Packt Publishing Pvt. Ltd.

Engineering Lakehouses Using Open Table Formats

Original price was: $49.99.Current price is: $4.99.

Master engineering lakehouses open formats to build scalable analytics platforms using modern table formats and unified data architectures.

GOLD Membership – Just $49 for 31 Days
Get unlimited downloads. To purchase a subscription, click here. Gold Membership

Additional information

Additional information

Authors

(DIPANKAR. GOVINDARAJAN MAZUMDAR (VINOTH.))

Publisher

Packt Publishing Pvt Ltd

Published On

0101-01-01

Language

English

File Format

PDF

File Size

3.56 MB

Rating

⭐️⭐️⭐️⭐️⭐️ 4.77

Description

Engineering Lakehouses Using Open Table Formats – Modern Data Lakehouse Architecture

Engineering Lakehouses Using Open Table Formats is a comprehensive, hands-on course designed to teach data engineers and analytics professionals how to build scalable, reliable, and high-performance lakehouse architectures using open standards. This introduction is optimized to serve as a powerful meta description while clearly communicating the course’s practical focus and industry relevance.

Course Overview

The lakehouse architecture bridges the gap between traditional data warehouses and modern data lakes. In this course, you will learn how to design, implement, and optimize a lakehouse using open table formats that enable ACID transactions, schema evolution, time travel, and high-performance analytics on cloud object storage.

You will gain practical experience working with widely adopted open table technologies and understand how they solve real-world challenges such as data reliability, concurrency, streaming ingestion, and governance. The course emphasizes vendor-neutral, open standards to ensure long-term flexibility and scalability in enterprise data environments.

What You’ll Learn

  • Core principles behind lakehouse architecture
  • Differences between data lakes, warehouses, and lakehouses
  • Implementing ACID transactions on data lakes
  • Schema enforcement and schema evolution strategies
  • Partitioning, indexing, and performance optimization techniques
  • Batch and streaming data ingestion workflows
  • Data governance, versioning, and time travel capabilities
  • Best practices for cloud-native lakehouse deployments

Description: Engineering Lakehouses Using Open Table Formats

This course provides deep technical insight into open table formats such as Apache Iceberg, Delta Lake, and Apache Hudi, explaining how they enable reliable analytics directly on cloud storage systems. You will explore how metadata layers work, how query engines interact with open table formats, and how to optimize workloads for analytics and machine learning use cases.

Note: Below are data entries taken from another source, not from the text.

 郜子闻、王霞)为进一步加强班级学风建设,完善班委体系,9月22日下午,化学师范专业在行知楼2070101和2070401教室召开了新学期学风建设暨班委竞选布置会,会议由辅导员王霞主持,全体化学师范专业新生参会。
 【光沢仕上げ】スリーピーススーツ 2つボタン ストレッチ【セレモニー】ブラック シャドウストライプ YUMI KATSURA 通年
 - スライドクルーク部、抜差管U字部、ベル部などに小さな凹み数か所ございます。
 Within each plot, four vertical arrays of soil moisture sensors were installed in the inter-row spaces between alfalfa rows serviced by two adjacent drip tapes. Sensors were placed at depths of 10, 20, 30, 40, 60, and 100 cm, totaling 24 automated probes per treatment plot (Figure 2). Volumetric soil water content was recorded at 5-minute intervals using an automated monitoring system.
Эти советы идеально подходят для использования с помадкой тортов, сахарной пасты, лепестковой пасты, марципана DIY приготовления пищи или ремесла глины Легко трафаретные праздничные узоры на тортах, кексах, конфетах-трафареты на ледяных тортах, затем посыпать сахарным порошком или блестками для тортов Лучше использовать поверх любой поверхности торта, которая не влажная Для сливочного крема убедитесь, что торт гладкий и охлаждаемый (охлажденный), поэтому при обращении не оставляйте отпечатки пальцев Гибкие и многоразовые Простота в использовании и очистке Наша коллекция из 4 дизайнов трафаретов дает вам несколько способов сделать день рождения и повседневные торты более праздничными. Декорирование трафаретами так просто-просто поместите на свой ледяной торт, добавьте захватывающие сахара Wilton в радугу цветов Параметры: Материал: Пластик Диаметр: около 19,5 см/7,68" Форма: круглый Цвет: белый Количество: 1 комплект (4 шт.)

Through practical demonstrations and architectural design patterns, you will learn to build production-ready lakehouse systems capable of handling large-scale structured and semi-structured data. The course also covers data compaction, concurrency control, snapshot management, and cost optimization strategies.

Requirements

  • Basic understanding of databases and SQL
  • Familiarity with data engineering concepts
  • Some exposure to cloud platforms (AWS, Azure, or GCP) is helpful but not mandatory

Who This Course Is For

  • Data engineers building modern analytics platforms
  • Cloud architects designing scalable data systems
  • Analytics engineers and data platform teams
  • Professionals transitioning from traditional data warehouses to lakehouses

Explore These Valuable Resources

Explore Related Courses

By completing this course, you will be equipped with the architectural knowledge and practical skills required to engineer modern lakehouse solutions using open table formats—empowering your organization with scalable, cost-effective, and future-ready data infrastructure.

Additional information

Authors

(DIPANKAR. GOVINDARAJAN MAZUMDAR (VINOTH.))

Publisher

Packt Publishing Pvt Ltd

Published On

0101-01-01

Language

English

File Format

PDF

File Size

3.56 MB

Rating

⭐️⭐️⭐️⭐️⭐️ 4.77

Reviews

There are no reviews yet.

Only logged in customers who have purchased this product may leave a review.